= Guðbjörg Aradóttir =

Icelandic entomologist

Guðbjörg Inga Aradóttir FRES is an Icelandic entomologist and researcher at the National Institute of Agricultural Botany (NIAB) in the UK. Her work identifies novel crop protection solutions against insect agricultural pests and the diseases they transmit. She is particularly known for her research on plant resistance to cereal aphids and the Barley Yellow Dwarf Virus

Guðbjörg has previously worked at the Natural History Museum in London and the Icelandic Institute of Natural History. She is a fellow and trustee of the Royal Entomological Society. In 2021 she founded Mamore Research and Innovation Limited, a consulting firm that provides services to public and private organizations in research and experimental development on natural sciences and engineering. Some of her work has been used to help farm sustainable and resilient crops without the use of pesticides in regions susceptible to insect pests that threaten crop growth.

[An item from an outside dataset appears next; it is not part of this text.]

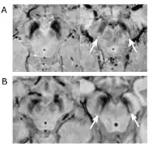 - ↑ E. C. Hirsch, J. P. Brandel, P. Galle et F. Javoy-Agid, « Iron and aluminum increase in the substantia nigra of patients with Parkinson's disease: an X-ray microanalysis », Journal of Neurochemistry, vol. 56, , p. 446-451 (ISSN 0022-3042, PMID 1988548, lire en ligne, consulté le )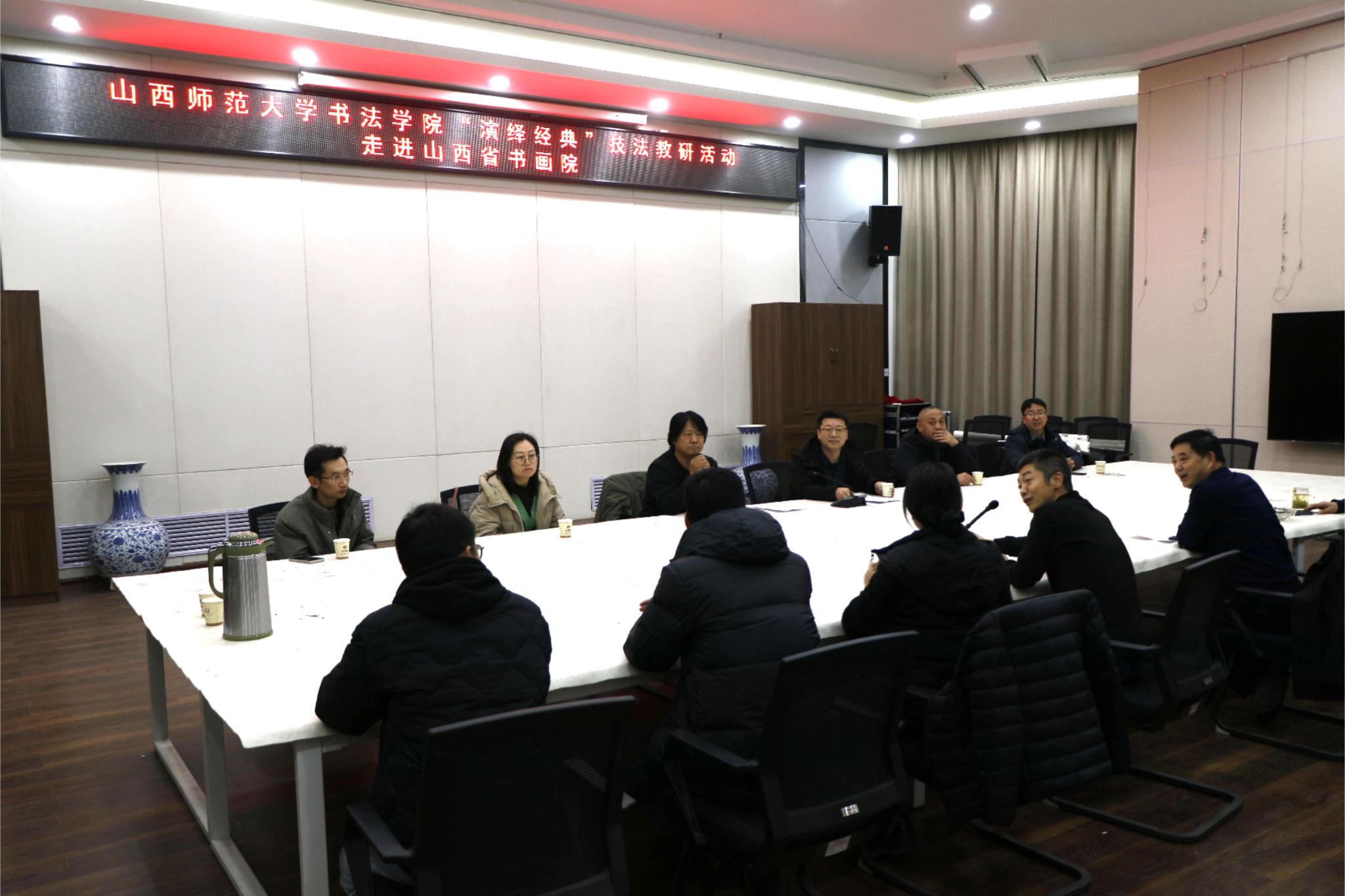 自今年9月起,乐天使专业教研活动开启了新篇章。在“重温经典”系列教研活动的基础上,学院积极鼓励专业教师开拓创新,深入挖掘书法艺术表达的多元可能性。经过前4期在校内围绕“演绎经典·篆书”的深入探索与实践,本期活动成功走出校园,走进山西省书画院。这一转变不仅体现了活动范围的拓展,更彰显了学院在推动书法教学深度与广度上的不懈努力。

One of her publications, Common resistance mechanisms are deployed by plants against sap-feeding herbivorous insects: insights from a meta-analysis and systematic review suggests that insect-resistant plants in the same plant family exhibit the same defense mechanisms to repel certain insects. Phenotypes generally include a higher content of organic chemicals and density of trichomes on leaves that repel sap-sucking insects, which utilize stylets to puncture the plant's tissue and suck out its nutrients.